You can freely test with my text from my publishing project because its opensource. However, all the text is in Czech. See https://github.com/svita-cz/knihy

simoncozens commented 7 years ago

You also try getting SILE to read in Markdown natively. Update to the latest HEAD, and try this:

\begin[papersize=a4,class=markdown]{document}
\begin{obeylines}
\include[src=pro-kukacku.md]
\end{obeylines}
\end{document}
simoncozens commented 7 years ago

(Obviously the output is not going to be perfect yet. File bugs and I'll fix them!)

alerque commented 7 years ago

@severak, besides the pull request I sent you a minute ago, as can be seen in this experimental branch I also started trying to use @simoncozens's way of rendering Markdown with SILE. Unfortunately something seems to be wrong with the Markdown parser. I think something is cross-wired with the assorted Lua UTF-8 libraries, but I'm not exactly sure.

Simon any idea why I would be getting told this?

Error detected: /usr/local/share/sile/lua-libraries/lunamark/reader/markdown.lua:463: attempt to call a nil value (field 'lower')

P.S. I'm also tinkering with the Pandoc → SILE → PDF route in this branch. I see I need to fix a a couple things in the Pandoc Writer though.

simoncozens commented 7 years ago

No idea! I don't have a reference to "lower" anywhere near that line in my copy of it. (Did you git pull? I just rebased the markdown processor with upstream.) In my fork, I've declared the utf8 module to be the One True Way of handling UTF8, and the upstream version now tries several different modules; if something is pulling in a different library it may be causing trouble.

alerque commented 7 years ago

I just rebased the markdown processor with upstream.

Oh hello, missed that. I was using a week old SILE build.

alerque commented 7 years ago

@severak I got your document rendering in SILE using both methods: SILE's build in Markdown parser and my Pandoc SILE writer. Here is a sample:

  1. Pandoc → SILE
  2. SILE
  3. Pandoc → ConTeXt

selection_308

Both ways are adjustable. The SILE build in Markdown reader doesn't handle the line breaking stuff right (need to file an issue) but that's likely not a hard fix. I did more work on styling the Pandoc route, but that was just a matter of the time I had, the exact same thing could be done to the other one to get rid of the section numbering, etc. The Pandoc one also has a working TOC, but again that could be added to the other route.
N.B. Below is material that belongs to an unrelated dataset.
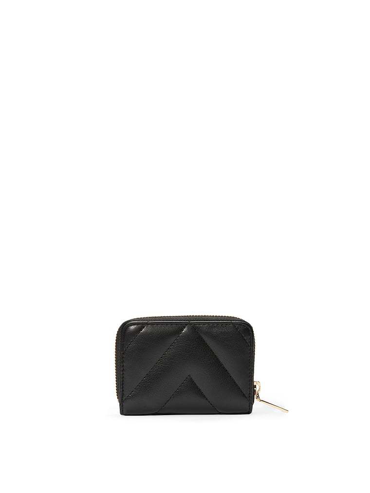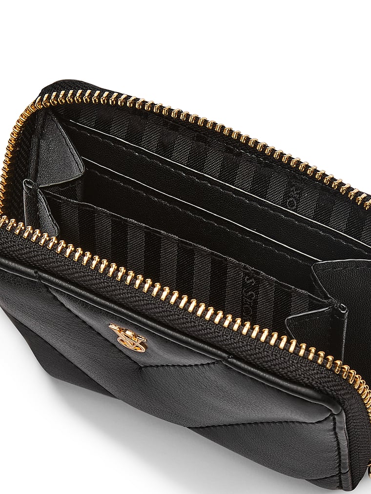 This mini must-have features a classic wrap-around zip and just enough room for your go-to cards and cash. In an allover V-quilt pattern complete with VS logo hardware.

In all honesty the Pandoc route is more powerful, but it's also a lot more complected (at least until my Writer is contributed upstream) and if simple is what you're after probably fixing up the build in Markdown reader is what you're after.

I didn't build the title page yet, but Pandoc does pass variables that can be used to build it from the meta data. If going the built in route SILE can read the YAML file to get meta data itself (I have code for that if you want it, but it's pretty simple).

severak commented 7 years ago

Nice to see my poems as sort of Lorem ipsum for SILE. Also I have prose text in my other book (but that it's work of (really slow) progress.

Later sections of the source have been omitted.